• [RECORDED INFORMATION]:

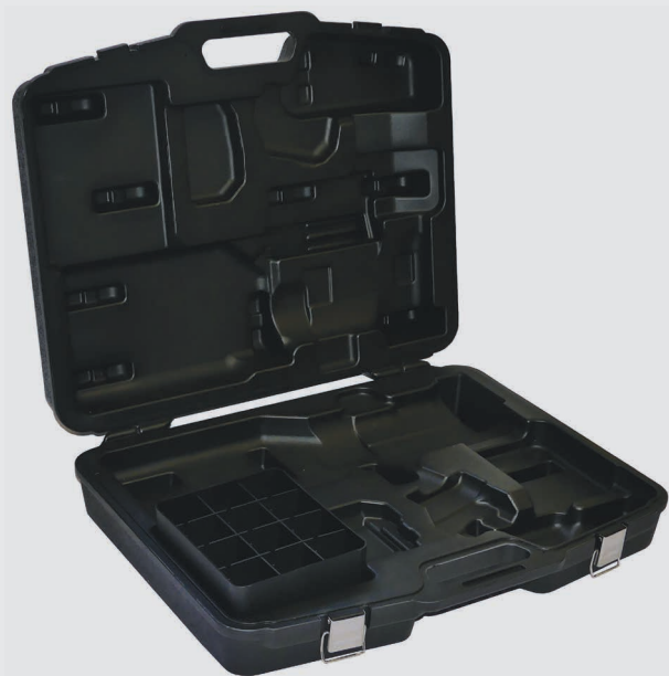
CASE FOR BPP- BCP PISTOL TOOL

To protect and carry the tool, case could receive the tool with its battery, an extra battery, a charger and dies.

...

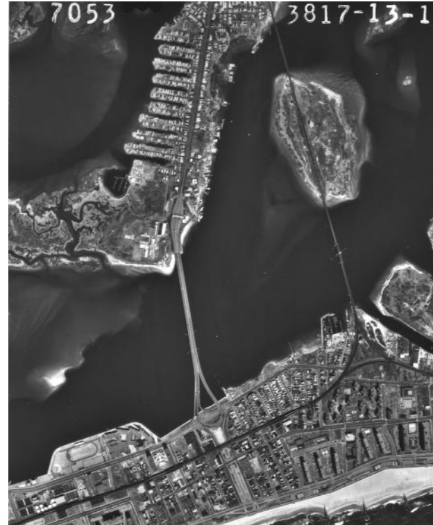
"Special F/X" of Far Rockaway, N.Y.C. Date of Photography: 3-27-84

--

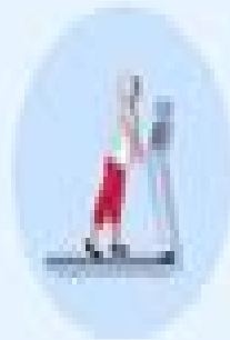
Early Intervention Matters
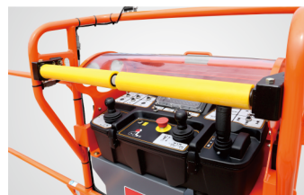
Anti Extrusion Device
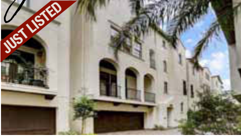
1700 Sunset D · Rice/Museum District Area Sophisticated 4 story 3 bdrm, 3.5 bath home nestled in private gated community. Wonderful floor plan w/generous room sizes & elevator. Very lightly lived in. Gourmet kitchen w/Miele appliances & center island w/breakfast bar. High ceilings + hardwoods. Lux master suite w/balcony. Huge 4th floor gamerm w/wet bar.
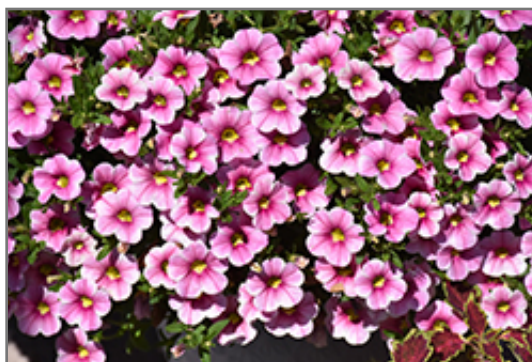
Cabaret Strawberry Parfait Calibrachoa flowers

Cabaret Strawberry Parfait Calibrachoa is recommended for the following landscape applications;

• [TASK BRIEF]: Reproduce the data above exactly, but only the lines from the one showing "Early Intervention Matters" through the one showing "Anti Extrusion Device", with both ends kept and the pictures left out.

• [RESPONSE BELOW]:
Early Intervention Matters
Anti Extrusion Device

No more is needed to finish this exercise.